Content starts

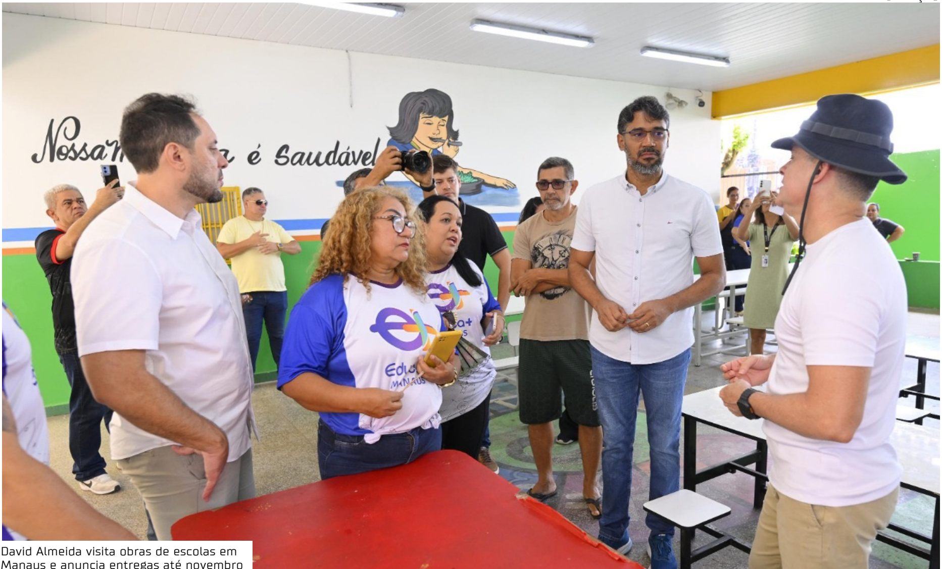
David Almeida visita obras de escolas em Manaus e anuncia entregas até novembro

“Nós fizemos, na manhã de hoje, quatro visitas em zonas diferentes da cidade, em escolas que já estão na fase final de acabamento. Eu vou entregar em 15, 20, 30 dias, até o final do mês de novembro, todas
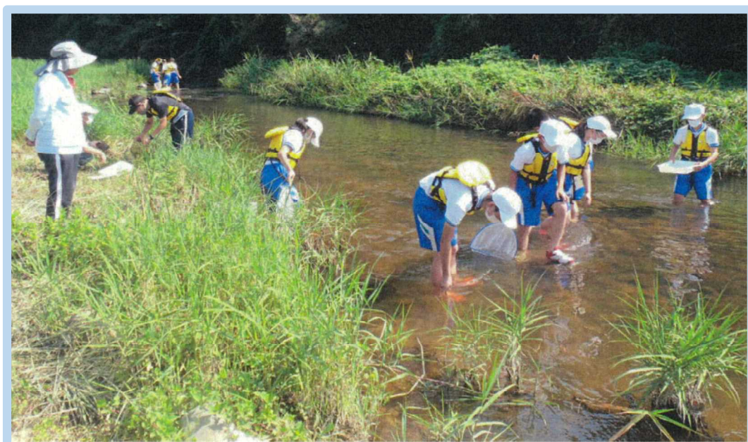
綾川町立綾上中学校 「綾川」
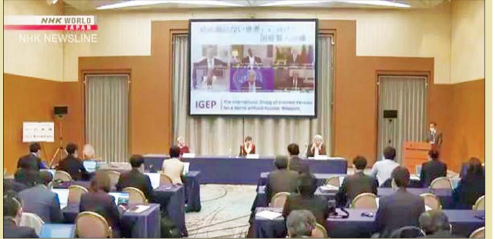
နျူကလီးယားလက်နက်ဖျက်သိမ်းရေးဖိုရမ် ကျင်းပစဉ်။
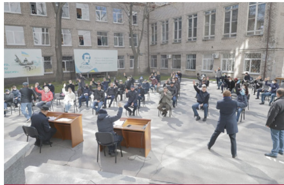
Дніпровська міська рада засідає у дворі через епідемію.

Проте є важливим перший досвід Дніпровської міської ради, яка 25 березня 2020 року спочатку провела звичайне засідання, де затвердила порядок денний і прийняла рішення №2/55 від 25 березня 2020 року «Про внесення змін до Регламенту Дніпровської міської ради VII скликання». Цим рішенням було передбачено проведення дистанційних засідань. Вказане рішення доступне на сайті міської ради. Потім міська рада після перерви провела дистанційне засідання в режимі відеоконференції. Відеозапис на YouTube доступний за посиланням https://youtu.be/u2xP6LHilLw .
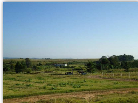
Figura 11. Áreas de pecuária e culturas anuais localizadas nas MRs da Campanha.
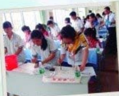
初中「同根同心」境外學習，到揚江蘇鎮山莊學校學生一同上課實踐，在交流中盡承傳。
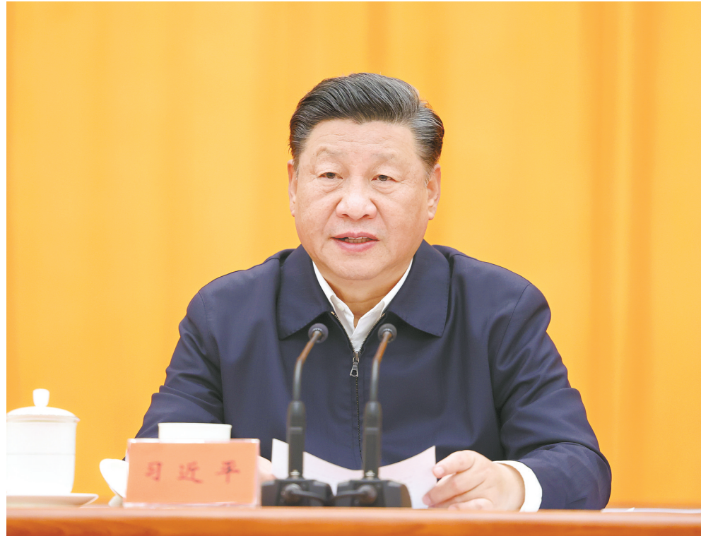
10月13日至14日,中央人大工作会议在北京召开。中共中央总书记、国家主席、中央军委主席习近平出席会议并发表重要讲话。

习近平指出,当今世界正经历百年未有之大变局,制度竞争是综合国力竞争的重要方面,制度优势是一个国家赢得战略主动的重要优势。历史和现实都表明,制度稳则国家稳,制度强则国家强。我们要毫不动摇坚持、与时俱进完善人民代表大会制度,加强和改进新时代人大工作。
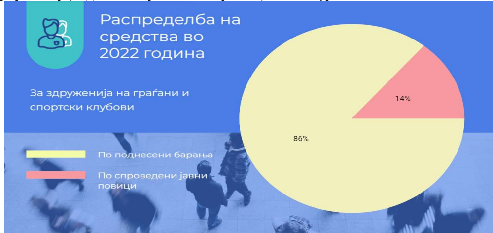
Графикон број 1: Доделени средства по барање и јавни конкурси или повици

Во однос на начинот на реализација на програмите ги утврдивме следниве состојби:
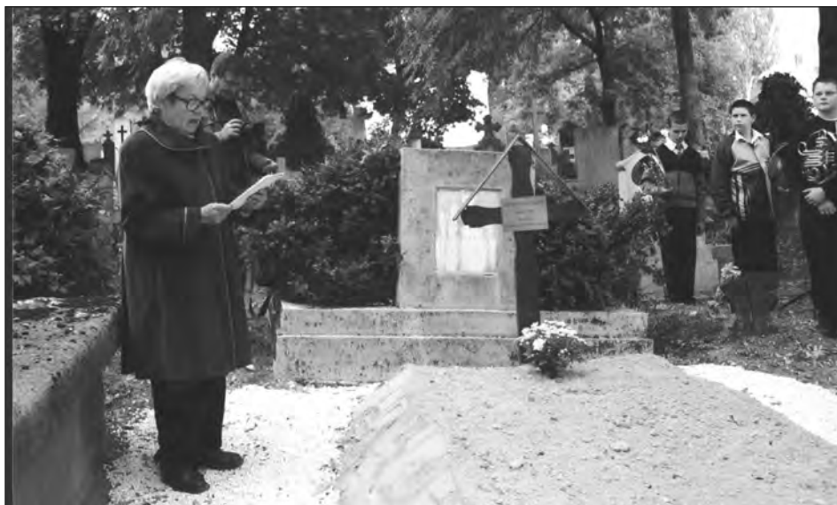
Az alsóvárosi temető sírdombja

temető kápolnájából kísérték nyughelyére. 59 A korán elhalt húga és szülei mellé temették. 60
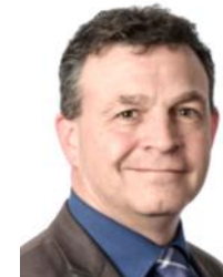
Christian Berset Assurances de dommages
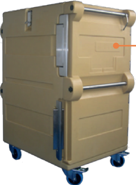
Armoires 200 L
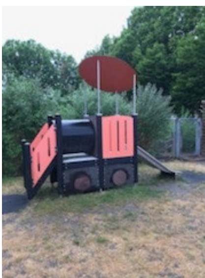
Solen har svitset alt græsset af på bakken 😞
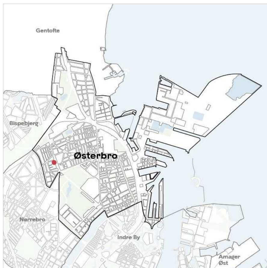
Områdets placering i bydelen.

Klima og Byudvikling Område for Byplanlægning Njalsgade 13 2300 København S
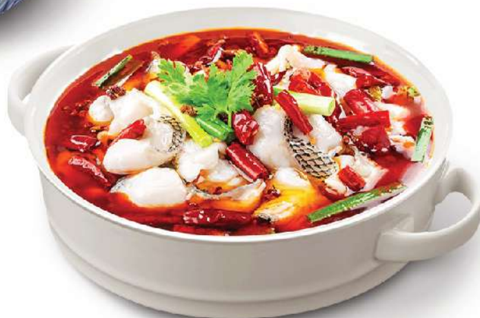
四川鱼汤 Sichuan fish soup Canh cá Tứ Xuyên 360
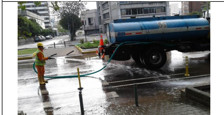
Limpieza de Av. Patria

Content ends

PROBLEM DESCRIPTION:
The expected output is an exact retyping of the lines from the line with "Armoires 200 L" through the last line of the data, with both ends kept and the pictures dropped.

ANSWER BOX:
Armoires 200 L
Solen har svitset alt græsset af på bakken 😞
Områdets placering i bydelen.

Klima og Byudvikling Område for Byplanlægning Njalsgade 13 2300 København S
四川鱼汤 Sichuan fish soup Canh cá Tứ Xuyên 360
Limpieza de Av. Patria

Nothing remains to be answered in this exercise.